You can see that the handlers will pring both the `loggit`-generated log entry,
as well as their base default output. To only have the JSON print, wrap the call
in the appropriate suppressor (i.e. `suppressMessages()` or
`suppressWarnings()`). To only have the base text printed, pass `echo = FALSE`
to the handler.

And... that's it! You've introduced human-readable, machine-parsable logging
into your workflow!

However, surely you want more control over your logs.
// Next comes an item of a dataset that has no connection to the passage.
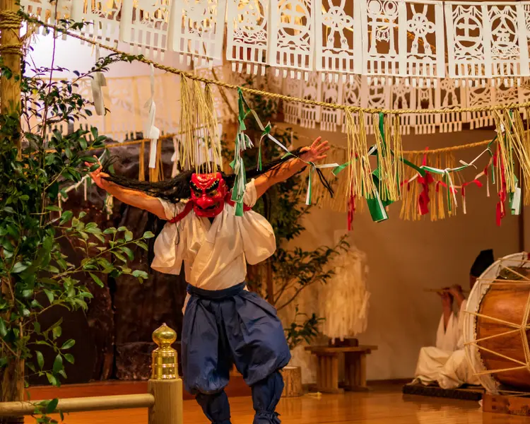In addition, Amano Iwato Shrine is also the venue for the Amano Iwato Kagura festival from November to February every year. This is a festival where people will perform 33 dances all night long to pray for a bountiful harvest, drive away evil spirits and invite the gods to the Kagurayado building. According to legend, these dances are one of the secrets that make the gods bring Amaterasu out of the Amano Iwato cave.

Behind the scenes, `loggit`'s core function, also called `loggit()`, is executed
right before the base handlers with some sane defaults. However, the `loggit()`
function is also exported for use by the developer:

```{r loggit_func}
loggit("INFO", "This is also a message")
loggit("WARN", "This is also a warning")
loggit("ERROR", "This is an error, but it won't stop your code from running like `stop()` does")
```

*"But why wouldn't I just use the handlers instead?"*

Because `loggit()` exposes much greater flexibility to the user, by way of
*custom fields*.

```{r custom_fields}
loggit(
  "INFO",
  "This is a message",
  but_maybe = "you want more fields?",
  sure = "why not?",
  like = 2,
  or = 10,
  what = "ever"
)
```

Since JSON is considered *semi-structured data* (sometimes called
"schema-on-read"), you can log any custom fields you like, as *inconsistently*
as you like. It all just ends up as text in a file, with no column structure to
worry about.

So, `loggit`'s log format is a special type of JSON. JSON objects are like
`list`s -- and so are `data.frames`. To allow for the most flexibility, the
`read_logs()` function is available to you, which reads in the currently-set log
file as a data frame:

```{r read_logs}
read_logs()
```

Notice that `read_logs()` handles any columnar inconsistencies as mentioned
above. If `read_logs()` finds a field that other entries don't have, it maps it
to an empty string for that log entry. This was chosen over `NA`s to allow for
consistency on re-write. You can, however, just replace all the empty strings
with `NA` after read, if you want to.

You can also pass a file path to `read_logs()`, and read that `loggit` log file
instead.

The other helpful utilities are as follows:

- You can control the format of the timestamp in the logs; it defaults to ISO
  format `"%Y-%m-%dT%H:%M:%S%z"`, but you may set it yourself using
  `set_timestamp_format()`. Note that this format is ultimately passed to
  `format.Date()`, so the supplied format needs to be valid.
- You can control the output name & location of the log file using
  `set_logfile(logfile)`. Similarly, you can retrieve the location of the
  current log file using `get_logfile()`.

Things to keep in mind
----------------------

- `loggit` will default to writing to an R temporary directory. As per CRAN
  policies, ***a package cannot write*** to a user's "home filespace" without
  approval. Therefore, you need to set the log file before any logs are written
  to disk, using `set_logfile(logfile)` (I recommend in your working directory,
  and naming it "loggit.log"). If you are using loggit in your own package, you
  can wrap this in a call to `.onLoad()`, so that logging is set on package
  load. If not, then make the set call as soon as possible (e.g. at the top of
  your script(s), right after your calls to `library()`); otherwise, no logs
  will be written to persistent storage!